16 oz. cream cheese, softened
8 oz. (1 cup) shredded white, sharp cheddar cheese
1 teapsoon garlic powder
1/4 cup roasted red peppers, diced
1/4 cup green olives with pimento, drained well and diced
chopped nuts, chopped herbs, grated parmesan cheese, poppy or sesame seeds, paprika, and/or dried parsley for rolling
assorted crackers
In a medium-sized mixing bowl, beat cream cheese, cheddar, and garlic powder on medium-low speed until blended. Divide mixture in half and place in two small bowls.
In one bowl, add the roasted red peppers and stir to mix well. Add the olives to the other bowl and stir to mix well. Cover both mixtures and refrigerate for at least two hours or overnight.
Using a spoon or melon baller, scoop and roll each batch of the cheese mixture into 1/2-inch or 1-inch round balls. Roll each ball in finely chopped nuts or herbs, grated parmesan, or poppy or sesame seeds, or sprinkle the tops with paprika or dried parsley.
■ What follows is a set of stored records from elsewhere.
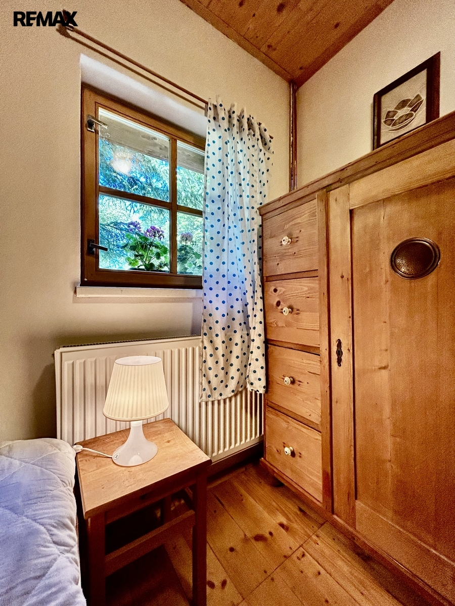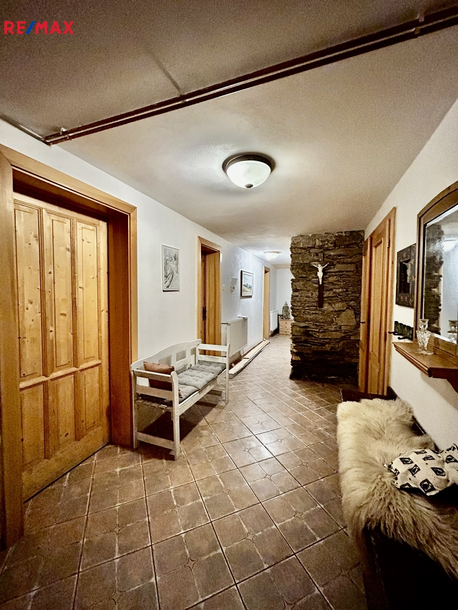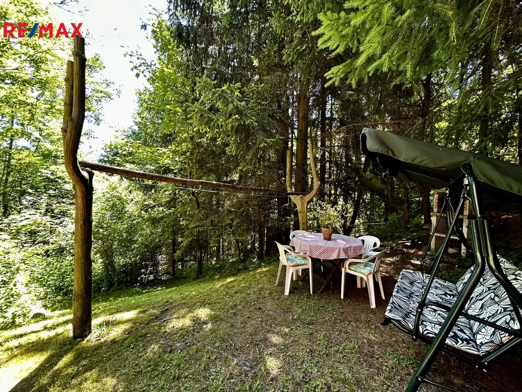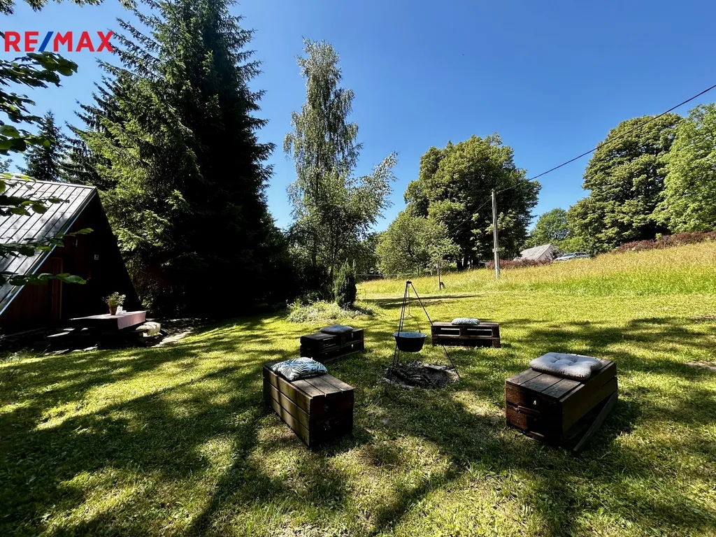 Zrekonstruovaná chalupa stojící v klidné části obce, kde je zajištěno soukromí díky velkému pozemku (louka, les). K dispozici je venkovní terasa s grilem, zahradním nábytkem, dětská houpačka, pískoviště, hřiště na volejbal nebo nohejbal, bazén. Nemovitost se skládá z přízemí a patra. V přízemí se nachází plně vybavena kuchyně, obývací pokoj, koupelna a technická místnost. Dále je k dispozici lyžárna (popř. uložení kol). Dubové schody vedou do salonku prvního patra, kterým je možnost vstoupit do 4 ložnic a vestavěného patra pro dvě osoby. Chalupa poskytuje ubytování pro 6 osob ve 4 ložnicích. Nemovitost lze využít k soukromému bydlení nebo jako investiční příležitost k pronájmu, vzhledem k tomu, že je celoročně obyvatelná a přístupná.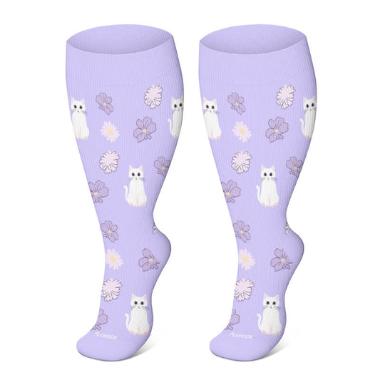 Kompressionsstrümpfe mit Katzenblumenmuster in Übergröße (3 Paar)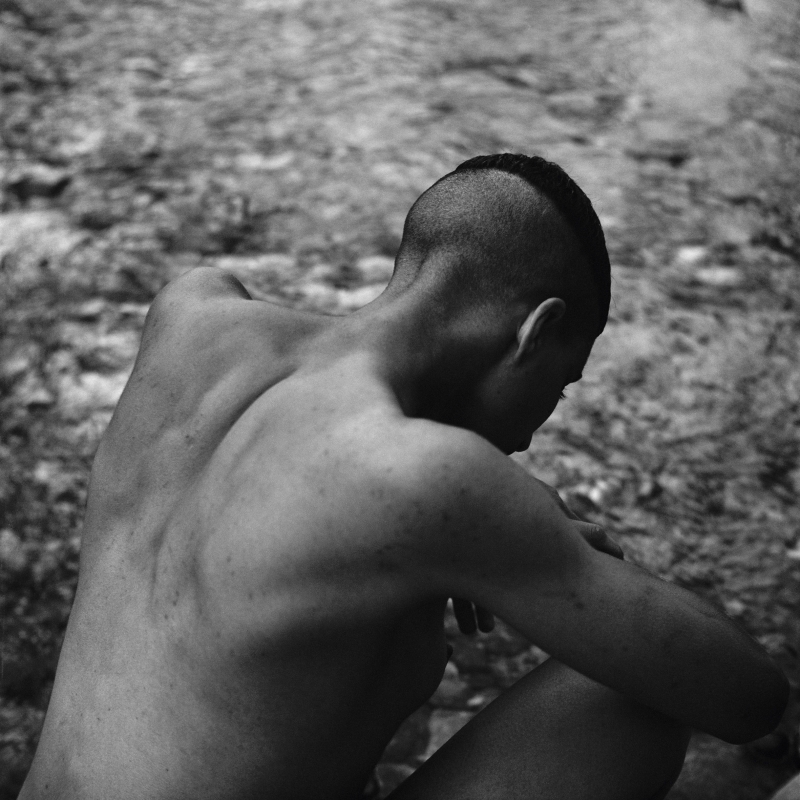 eden levi am magnifie l’ambiguïté de genre. Il désexualise les corps, les dégénitalise. Débinarise les clichés esthétiques du nu. Questionne. Déplace les attentes. Photographie des corps cailloux, des mains d’eau, des yeux rochers. Rend mutant.e. Met à l’honneur une génération qui se réinvente en tant qu’espèce, qui décide de son propre langage. Qui, par ce biais-là, touche à l’immortalité. L’usage du procédé photographique analogique monochrome brouille les repères temporels, caresse une réalité sourde. Amplifie les silhouettes sculpturales. Un monde rêvé en noir et blanc, une vérité frontale. Une technique à rebours d’une pratique numérique actuelle. Un appareil reflex bi-objectif qui permet de poser un regard indirect sur la nudité et l’autre en face. Qui enregistre le réel, en témoigne.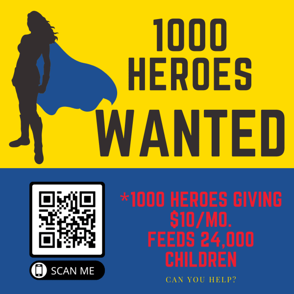 If we can rally 1000 BF believers to give $10 each month, we'll be able to spend $120,000 on food items for children in need. And because of our bulk purchasing power, that money will fill more than 24,000 backpacks of food in 2024!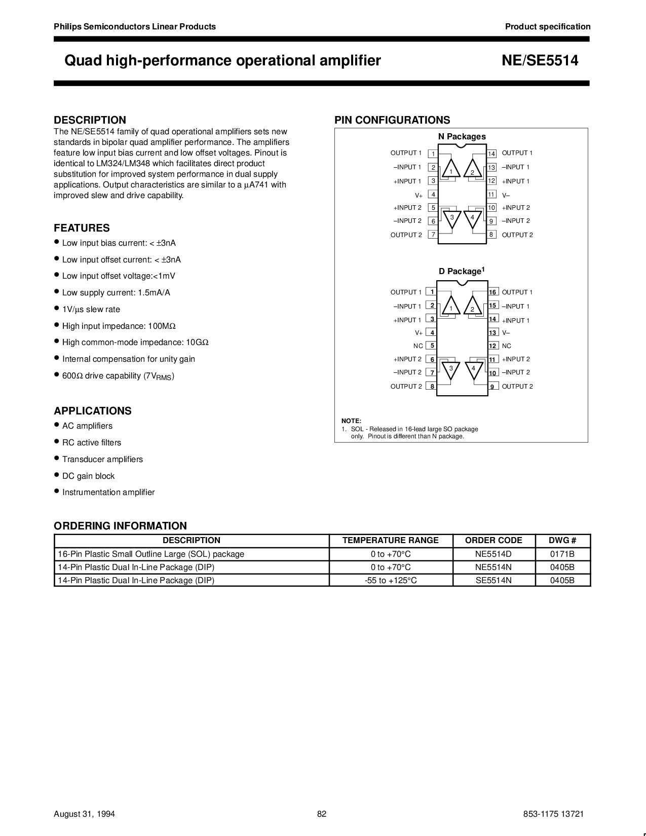 浏览型号NE5514D的Datasheet PDF文件第4页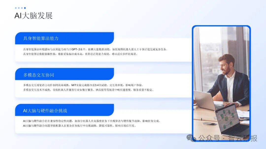 • 硬件技术‌:具身机器人已在运动控制(如动态平衡、复杂地形适应)和感知能力(3D视觉、触觉反馈)方面取得突破,但能源效率低(续航不足)、核心零部件成本高昂(如进口芯片、轴承)等问题仍制约规模化应用

Cover and store in the refrigerator until ready to serve.
Makes about 96 1/2- inch, or 48 1-inch mini cheese balls.
Instead of peppers and olives, try sun-dried tomatoes, diced green chiles for heat, chopped fresh herbs, green onions, or any other addition that your palate suggests.
You can also use different types of cheese. Replace the cream cheese with a sharp cheddar spread, or substitute blue cheese for the grated cheddar. Flavored cream cheeses would work well too.